UK tax collector plans £2B tech binge as legacy systems refuse to die
Summary
HMRC is lining up more than £2 billion of technology procurements across the next couple of years as it looks to modernise ageing systems. The biggest items in the procurement pipeline include a £410m legacy data warehouse transformation, a £350m AWS public cloud compute deal, and multiple large contracts for run-and-change IT services, workplace and mobility, and data-centre services. Several planned awards are described as direct or uncontested replacements of existing suppliers, with Capgemini and AWS prominent in the pipeline and SAP already winning large ERP-related awards.
The pipeline follows additional funding for HMRC’s IT modernisation announced in last year’s Spending Review and comes after NAO criticism that HMRC is taking longer and spending more than expected to exit legacy systems.
Key Points
- HMRC’s procurement pipeline totals over £2bn, with major lots planned over the next two years.
- Top planned procurements: Legacy Data Warehouse transformation (£410m), AWS Public Cloud Compute (£350m), Digital Platforms Run & Change Products (£306m).
- Several large awards are likely to be direct or uncontested replacements, raising questions about competition — Capgemini and SAP have already secured big deals.
- Other sizable contracts include Mobility & Workplace services (£250m), Digital Platforms Run & Change Platforms (£250m), and Data Centre Services (£220m).
- HMRC spent £1.16bn on IT and telecoms in 2024–25 and received an extra £1.6bn for 2026–27 to 2028–29 to modernise IT and data infrastructure.
- The National Audit Office warns HMRC is slower and costlier than expected in moving off legacy systems and has not realised anticipated efficiencies yet.
Content summary
HMRC’s published procurement spreadsheet reveals a prioritised programme of large-scale IT deals intended to replace and support legacy platforms. The programme’s largest single item is a planned single contract to transform legacy data warehouses (likely replacing SAP ECC Business Warehouse components), estimated at £410m.
AWS is listed for a £350m public cloud compute contract to replace an existing AWS arrangement. A separate £306m procurement covers digital platforms run-and-change services — a role previously held by Accenture. Several contracts are flagged as “direct awards” intended to replace existing support arrangements, including a £214m Legacy – Retained HMRC Services Contract that looks likely to follow prior Capgemini direct awards and extensions.

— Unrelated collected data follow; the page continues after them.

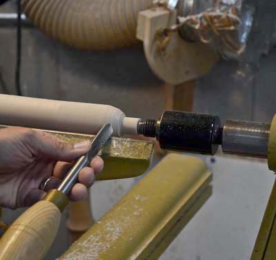 I opted to position the tenon at the tail stock end of the lathe. This placed the heavier mass of the blank at the head stock end. In addition, this allowed me to turn the tenon down to 5/8" and still have support from the live center.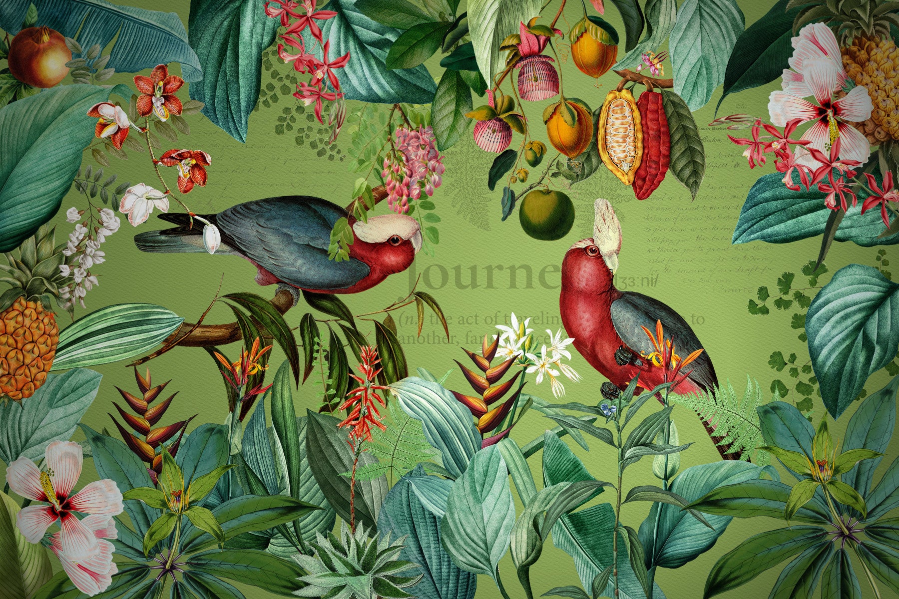 Embark on a visual voyage with this captivating wallpaper, showcasing a vibrant and lush tropical landscape. Two elegant parrots perch amidst a profusion of exotic flowers, fruits, and foliage, rendered in exquisite detail. The rich greens, reds, and oranges create a sense of warmth and tranquility, reminiscent of a secluded paradise. The vintage botanical illustrations evoke a sense of exploration and discovery, making this a perfect choice for adding a touch of exotic charm to any room. The olive green background provides a calming backdrop for the colorful flora and fauna.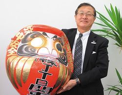 群馬県高崎の名産品のだるまを持って。
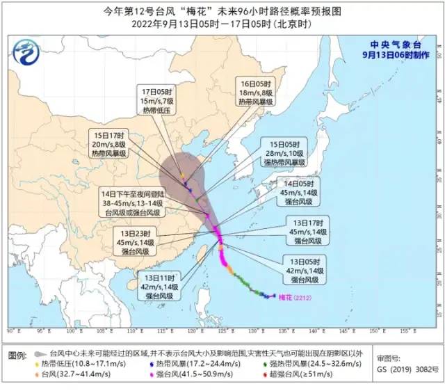 大風預報:9月13日08時至14日08時,巴士海峽、臺灣海峽北部、臺灣以東洋面、黃海西南部海域、東海大部及釣魚島附近海域、長江口區、杭州灣以及臺灣島北部和東部沿海、浙江沿海、福建北部沿海、上海沿海、江蘇東南部沿海將有6—8級大風,陣風9—11級,其中東海部分海域將有9—11級大風,陣風12—14級,“梅花”中心經過的附近海面的風力有12—14級,陣風可達15—16級。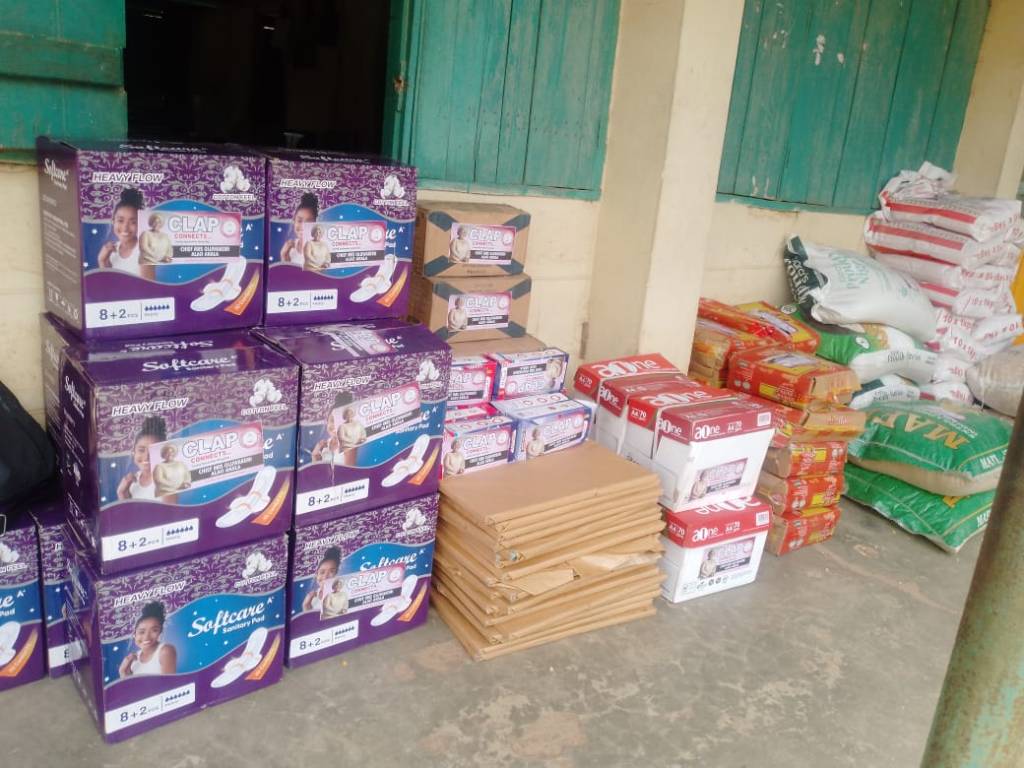 During the visit, she donated food items and essential supplies including rice, beans, maize, palm oil, spaghetti, sanitary pads, toiletries, and learning materials. She described the outreach as part of her monthly interventions aimed at easing the burden on vulnerable groups, adding that plans were underway to provide uniforms for the pupils.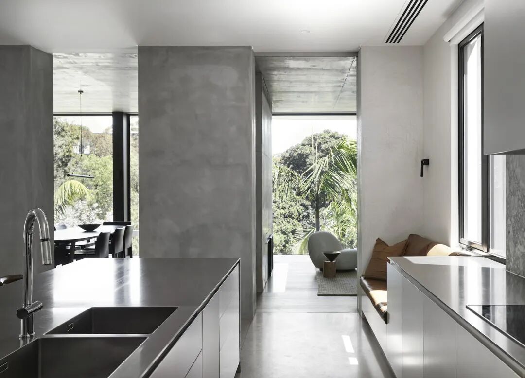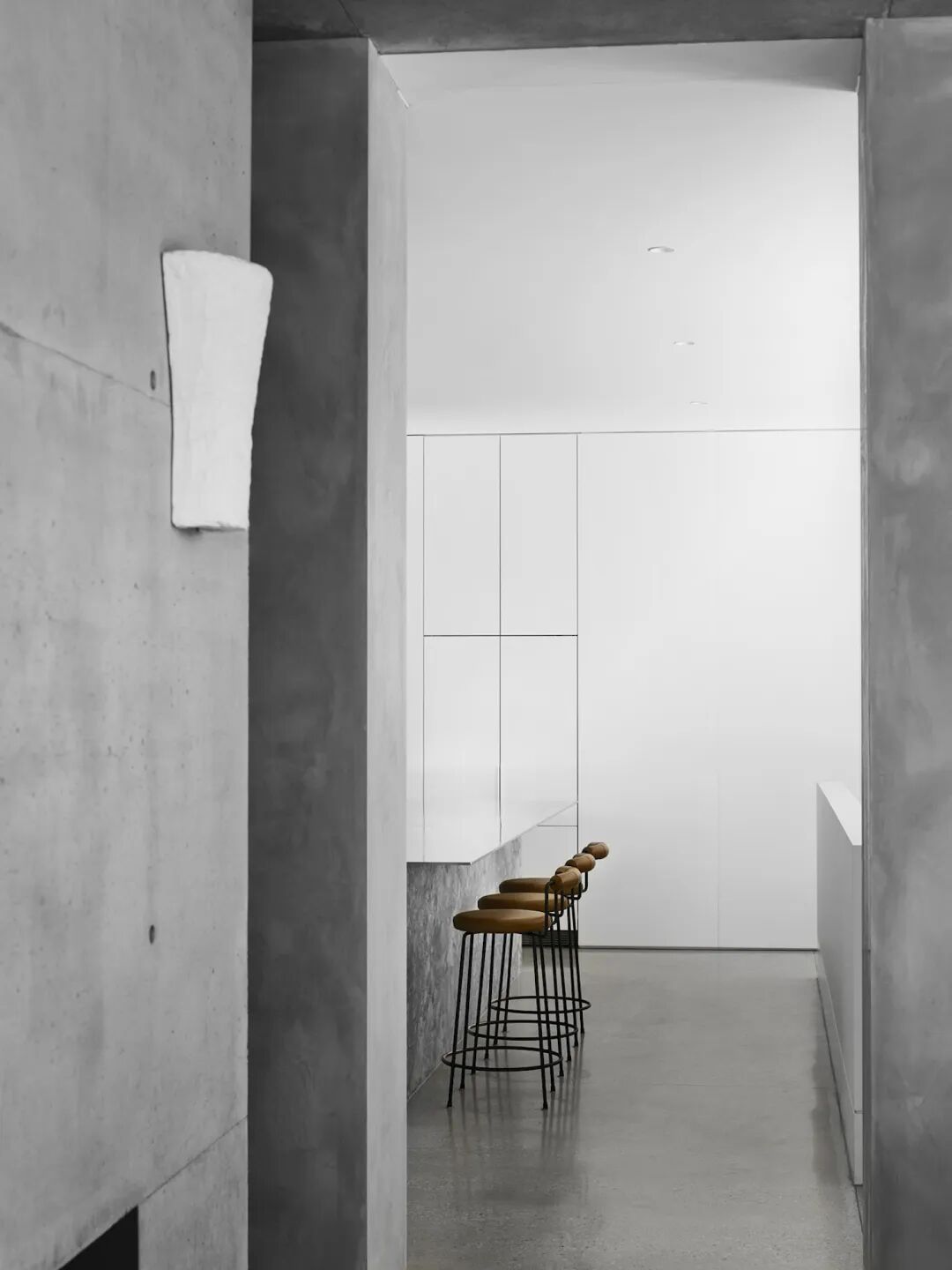 Moroso Bloomy边桌位于定制皮革卡座旁。棕褐色皮革餐凳与同款色的定制卡座呼应,共同为这个混凝土打造的用餐区注入了活力。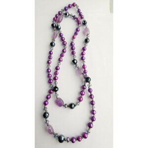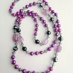 Freshwater pearl amethyst and crystal rope necklace 46" NEW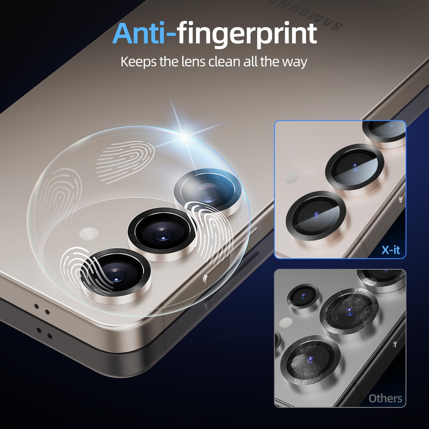 - [Military-grade protection, drop-proof and scratch-proof] X-it Samsung S25 lens protective film, high-density aluminum alloy frame + 12KG solid pressing edge process, using aluminum alloy materials commonly used in the aerospace field, bending strength increased by 50%, hardness up to 9H, scratch-resistant and wear-resistant, the lens is not afraid of sand and stone friction. Super hydrophobic coating, oil stains can be wiped clean, rainy and snowy weather does not affect imaging.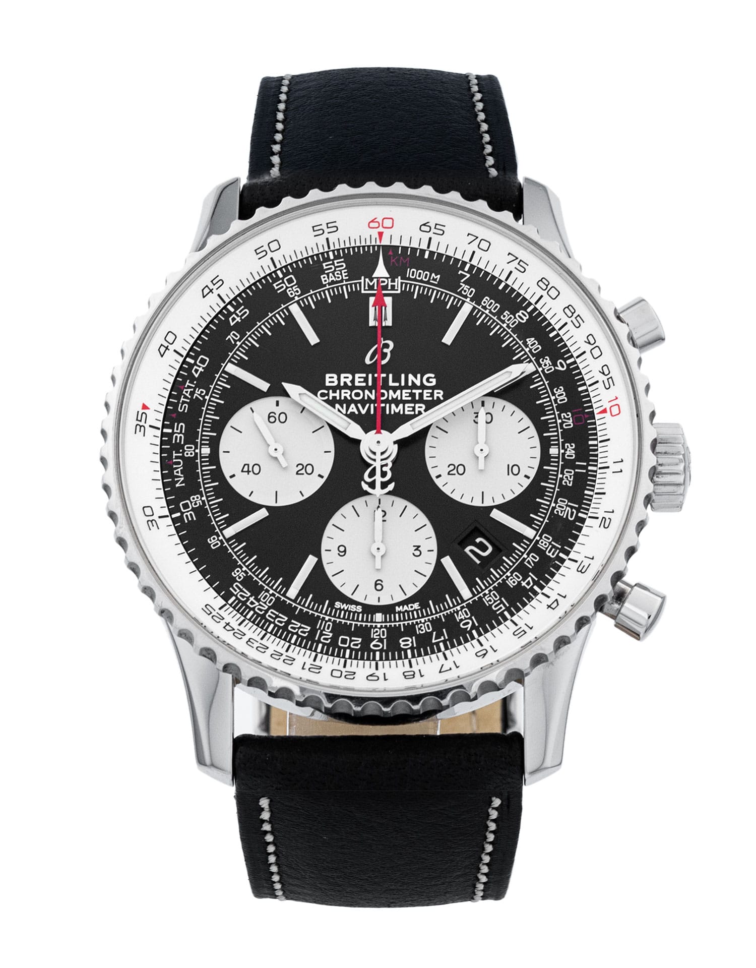 This Breitling Navitimer 01 AB0121 has a black baton - silver sub-dials dial and a leather strap. This Breitling has undergone a thorough inspection of water resistance, accuracy, functionality and condition to determine the level of reconditioning required to meet our strict standards. It has also been referenced against technical documents and manufacturer records where available to ensure authenticity and a clean history. Our watches have a 24-month warranty for your peace of mind, in conjunction with any remaining manufacturer’s warranty from new or from service.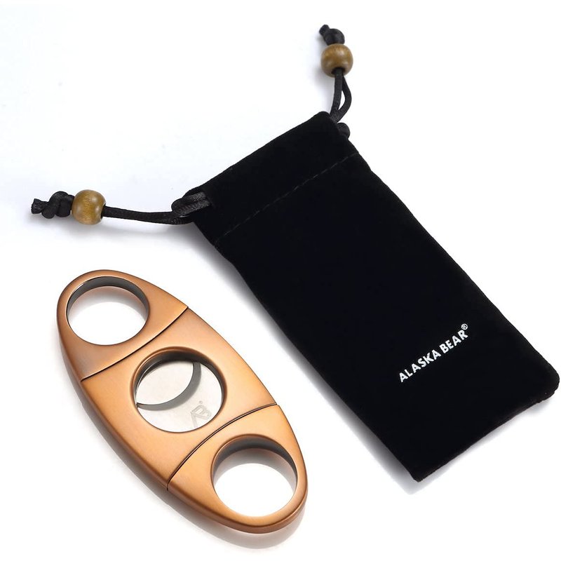 ALASKA BEAR® - Antique Bronze Cigar Cutter Stainless Steel Guillotine Double Cut Blade in Black Gift Pouch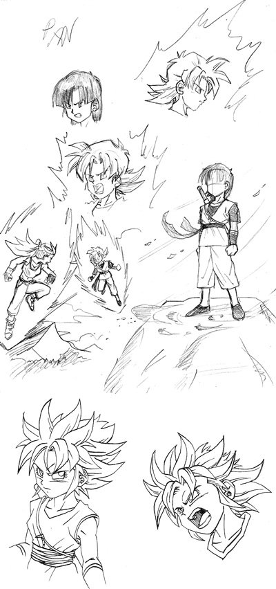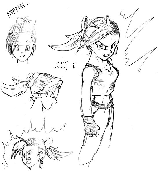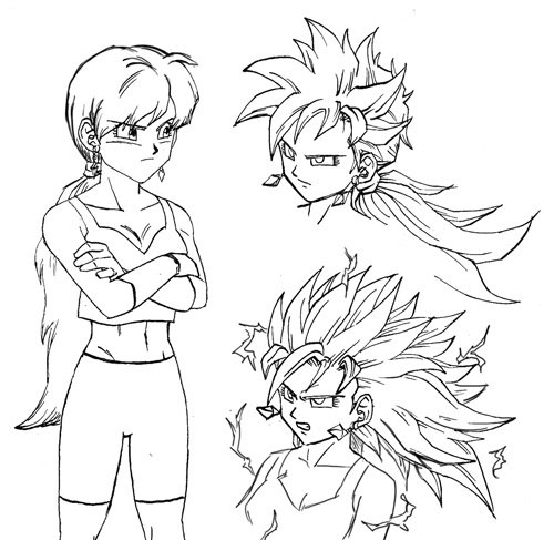 在这张图中你会看到Gogeta JR的第一稿以及我要尝试的所有发型。最后我们还是选用了她Z结尾发型略微修改的版本。 布拉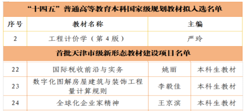 教材建设、课程建设方面亦取得显著成绩。我院严玲教授主编的《工程计价学(第4版)》成功入选教育部“十四五”普通高等教育本科国家级规划教材。在首批天津市级普通高校新形态教材建设项目立项中,学院共获批3项。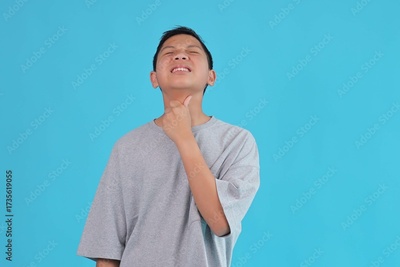 Portrait of Young Asian Boy Touching Neck Feeling Pain In Throat Isolated On Blue Background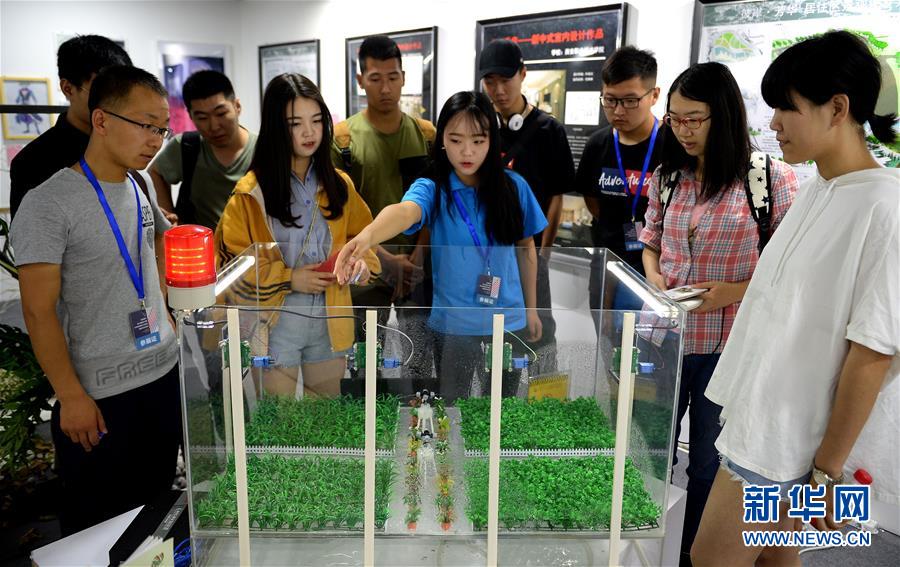 6月9日,來(lái)自西安職業(yè)技術(shù)學(xué)院的學(xué)生在展會(huì)上向參觀者講解自主設(shè)計(jì)的智能溫室大棚系統(tǒng)。當(dāng)日,西安·雁塔大學(xué)生青春設(shè)計(jì)博覽會(huì)暨硬科技創(chuàng)新展在陜西西安大都薈開(kāi)幕,來(lái)自西安市雁塔區(qū)13所大專院校的學(xué)生攜平面設(shè)計(jì)、工藝美術(shù)、影視制作等七大門類1000余件優(yōu)秀設(shè)計(jì)作品及近70件“硬科技”作品參加展示。新華社記者 劉瀟 攝 -

The procurement push follows a government-led Zero-Based Review and extra funding intended to modernise HMRC’s IT estate. However, the NAO has recently reported HMRC’s migration from legacy systems is slower and more expensive than planned, with expected efficiencies still unrealised.
Context and relevance
This matters because it shows where public-sector IT spend is concentrated and which major suppliers are poised to benefit. The mix of large direct awards and re-buys suggests continuity of incumbent vendors (notably Capgemini, AWS and SAP) rather than broadening the supplier base. For suppliers, policy watchers and taxpayers, the pipeline flags potential market opportunities, procurement scrutiny points, and ongoing risks around delivery and value for money.
Why should I read this?
Short answer: because it’s about billions of pounds of tech spending and whether HMRC can actually escape its creaky old systems. If you work in public-sector IT, sell into government, or care how taxpayer cash is used, this gives a quick map of who’s likely to win work, where the money’s going, and why watchdogs are getting twitchy. We’ve skimmed the procurement sheet so you don’t have to.